Our finding of an inverse correlation between baseline disease severity, mature adherence, and rMED scores is supportive of other findings suggesting a protective effect of the MED in IBD [9]. This is further supported by our identified association between increased mature diet adherence and a delayed need for anti-TNF. Although not associated with our defined EEN outcomes of interest, rMED was associated with a decreased likelihood of PGA improvement and a smaller reduction in PGA from baseline to six months. Analysis of this significance is complicated, as males had lower rMED scores and lower baseline disease severity. Additionally, two-thirds of our population was male, but there were insufficient numbers of patients with both baseline and 6-month PGAs available to perform sub-analysis by sex, as very few patients (5/48, 10%) did not see an improvement in PGA. It remains possible that there is a relationship between a MED and less improvement of long-term outcomes with EEN, apart from a need for anti-TNF or GCS, while a MED remains protective in IBD prior to EEN administration. Given that less than half of our patients (48/103) had data available for long-term PGA analysis, this relationship requires further investigation.

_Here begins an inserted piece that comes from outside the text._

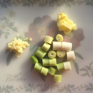 所有准备工作完毕,除葱姜蒜没拍照,所有食材都在这里。下边开炒。

Our observed association between increased meat diet adherence and EEN induction failure supports reports linking increased meat consumption to more active disease [8], possibly through meat-related intestinal microbiome alterations, as shown in IBD animal models [37,38]. Higher microbial diversity associated with our identified vegetarian diet (low in meat consumption) also suggests a role for microbial mediation, as decreased α-diversity is a hallmark of IBD [6].

Surprisingly, a higher pre-packaged diet adherence was associated with delayed disease flare in males. This could reflect protection from the decreased consumption of lean red and processed meat found with this diet or the consumption of high-fiber cereals (increased in this dietary pattern), resulting in increased protective fiber intake [39]. Pre-packaged adherence also trended towards a positive association with rMED scores, suggesting that this dietary pattern captures multiple complex relationships, including a more Mediterranean style of eating. PCA to obtain data-derived dietary patterns captures actual consumption patterns, which can result in clustering of seemingly counteracting food products. Although this complicates the identification of single culprit or savior foods, it accurately captures the complexity of patients’ diets, which contain a diversity of so-called healthful and ultra-processed foods. Holistic analysis of patients’ diets in observational studies, as we have performed here, can provide clues for future experimental studies to identify causal relationships. Taking this into account, it is important to remember that our findings cannot directly support or disprove a causative role for diet in mediating IBD pathogenesis.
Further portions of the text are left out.